About this task = Please return the listing below word for word, minus its pictures.
:: Data to process
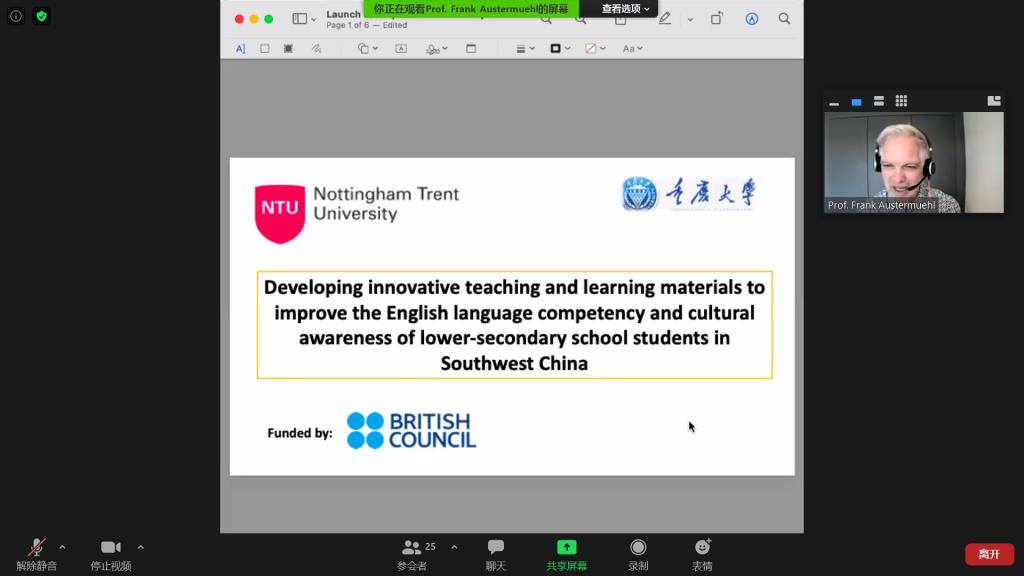 和英国诺丁汉伦特大学针对乡村中小学英语教学联合研发课程教学资源包,提升偏远地区中小学英语教育质量的项目将给与大力的关注和支持。潼南区政协副主席全冬,云南省绿春县副县长王辉分别介绍了所在区县的教育现状,向项目开发方和资助方表达了感谢,同时表示将推进区县教育相关部门,鼎力支持中小学英语教师开展教学研究与实践,提升当地的英语教学质量。
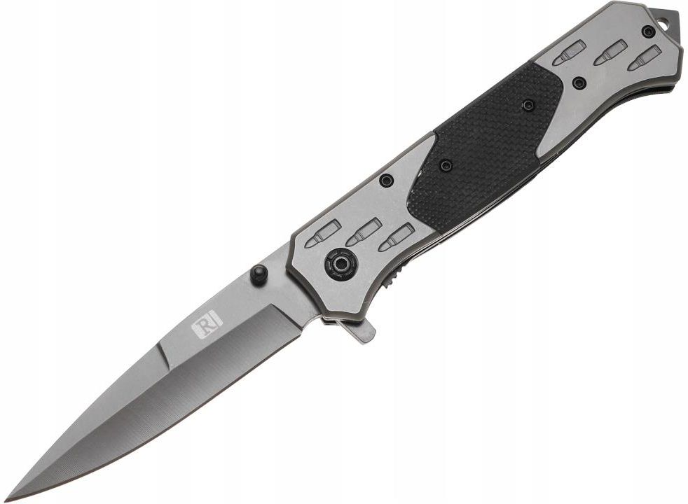 Nóż składany Głownia typu Spear point posiada utwardzony sztych, dzięki czemu idealnie nadaje się do pchnięć Cechy produktu: Nóż wykonany z wysokiej jakości stali Ozdobny uchwyt z kilku elementów Klips umożliwia zapięcie na pasek Rękojeść typu Frame lock Bardzo ostry Wygodnie leży w dłoni W dolnej części rękojeści otwór na linkę Scyzoryk składany Bardzo solidne wykonanie Długość ostrza: 9 cm Długość noża: 23 cm Długość noża złożonego: 13,5 cm
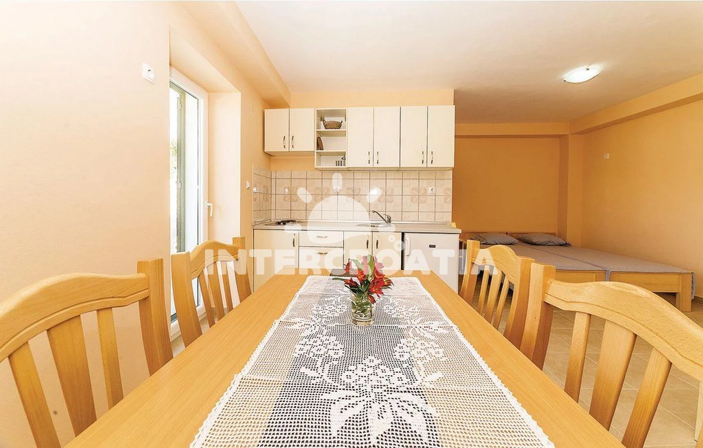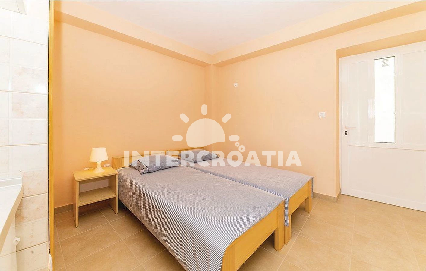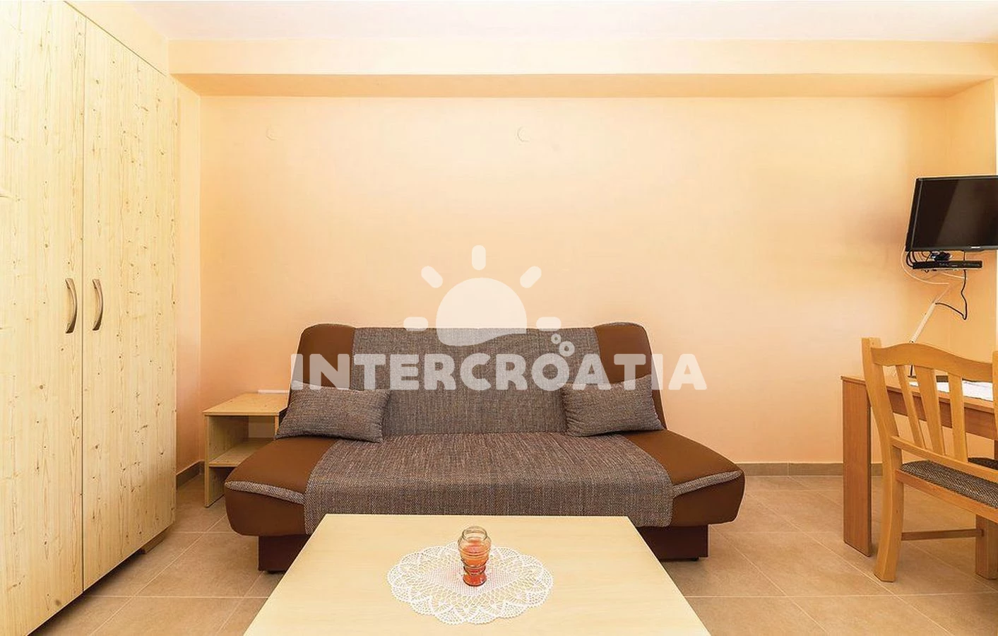 Apartmán typu studio (29 m2) s balkonem, a výhledem na moře. Nachází se v 1. patře objektu. Kuchyňská linka je vybavena varnou deskou, nádobím, lednicí, mrazákem. K dispozici dvoulůžko, televize se satelitním programem. Koupelna se sprchovým koutem, umyvadlem, WC.
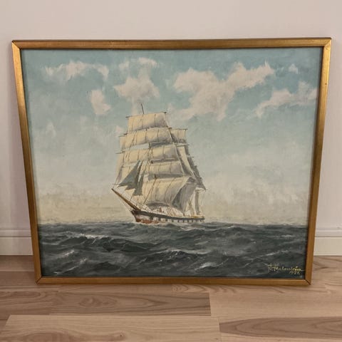 Reproduktion av motivet svenska fregatten Eugenie, monterad i guldfärgad dekorativ ram. Tavlan föreställer ett segelfartyg på öppet hav med klippor i bakgrunden. På baksidan finns informationsetikett om motivet och märkning som anger att det är en reproduktion. Passar som väggdekoration i hem eller kontor med maritimt tema.
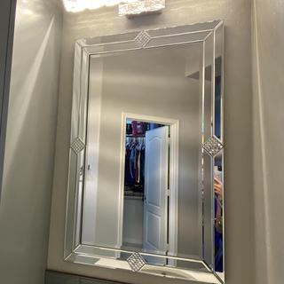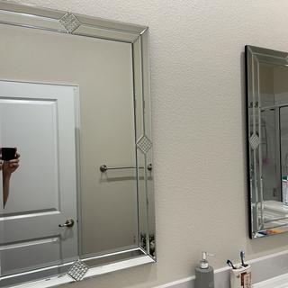 - Diamond-shaped accents on the frame. Beveled glass. Black MDF wood backing.
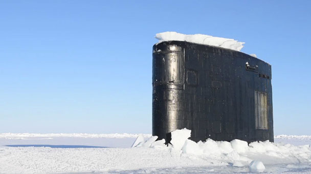 美國海軍“棘鬣魚”號(hào)訓(xùn)練營的一段視頻曝光,真實(shí)記錄了核潛艇在在北冰洋海軍基地里破冰而出,場(chǎng)面壯觀無比。
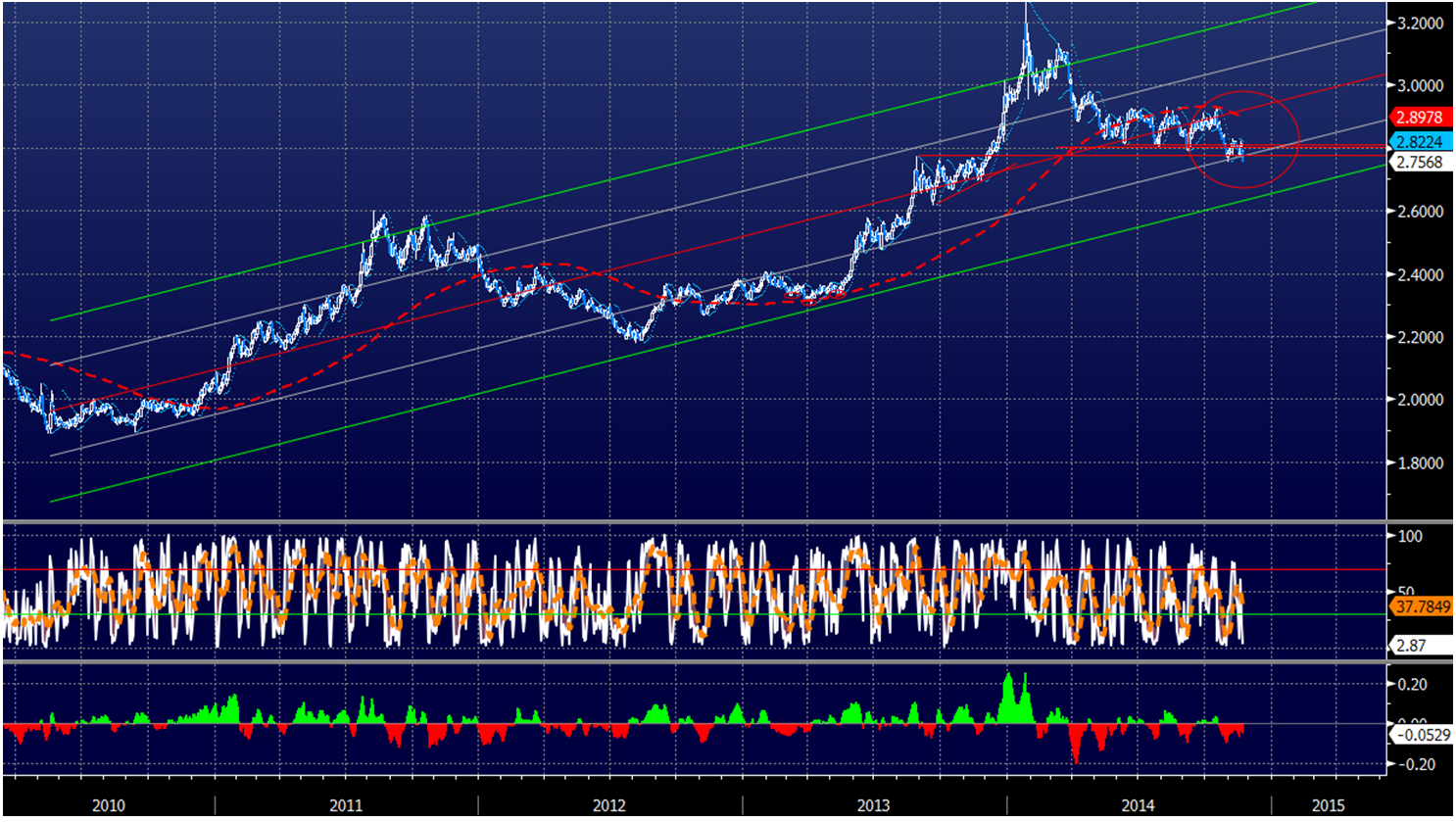 Rompe gli indugi il cambio EurTry con le notizie provenienti dalla Bce. Il range 2.80/2.90 ha trovato la sua via d’uscita nella parte bassa creando a questo punto la concreta possibilità di vedere una discesa del cross verso area 2.60/2.62, un rally che non inficerebbe il bull market di EurTry di lungo periodo, ma che contribuirebbe a normalizzare gli eccessi accumulati nel mese di gennaio 2014. A 2.60 si trova il massimo del 2011 ed è prevedile che oltre non si andrà, ma considerando i ricchi interessi offerti dai bond turchi il trade short si può tentare.
::::
Output for this task =
 和英国诺丁汉伦特大学针对乡村中小学英语教学联合研发课程教学资源包,提升偏远地区中小学英语教育质量的项目将给与大力的关注和支持。潼南区政协副主席全冬,云南省绿春县副县长王辉分别介绍了所在区县的教育现状,向项目开发方和资助方表达了感谢,同时表示将推进区县教育相关部门,鼎力支持中小学英语教师开展教学研究与实践,提升当地的英语教学质量。
 Nóż składany Głownia typu Spear point posiada utwardzony sztych, dzięki czemu idealnie nadaje się do pchnięć Cechy produktu: Nóż wykonany z wysokiej jakości stali Ozdobny uchwyt z kilku elementów Klips umożliwia zapięcie na pasek Rękojeść typu Frame lock Bardzo ostry Wygodnie leży w dłoni W dolnej części rękojeści otwór na linkę Scyzoryk składany Bardzo solidne wykonanie Długość ostrza: 9 cm Długość noża: 23 cm Długość noża złożonego: 13,5 cm
 Apartmán typu studio (29 m2) s balkonem, a výhledem na moře. Nachází se v 1. patře objektu. Kuchyňská linka je vybavena varnou deskou, nádobím, lednicí, mrazákem. K dispozici dvoulůžko, televize se satelitním programem. Koupelna se sprchovým koutem, umyvadlem, WC.
 Reproduktion av motivet svenska fregatten Eugenie, monterad i guldfärgad dekorativ ram. Tavlan föreställer ett segelfartyg på öppet hav med klippor i bakgrunden. På baksidan finns informationsetikett om motivet och märkning som anger att det är en reproduktion. Passar som väggdekoration i hem eller kontor med maritimt tema.
 - Diamond-shaped accents on the frame. Beveled glass. Black MDF wood backing.
 美國海軍“棘鬣魚”號(hào)訓(xùn)練營的一段視頻曝光,真實(shí)記錄了核潛艇在在北冰洋海軍基地里破冰而出,場(chǎng)面壯觀無比。
 Rompe gli indugi il cambio EurTry con le notizie provenienti dalla Bce. Il range 2.80/2.90 ha trovato la sua via d’uscita nella parte bassa creando a questo punto la concreta possibilità di vedere una discesa del cross verso area 2.60/2.62, un rally che non inficerebbe il bull market di EurTry di lungo periodo, ma che contribuirebbe a normalizzare gli eccessi accumulati nel mese di gennaio 2014. A 2.60 si trova il massimo del 2011 ed è prevedile che oltre non si andrà, ma considerando i ricchi interessi offerti dai bond turchi il trade short si può tentare.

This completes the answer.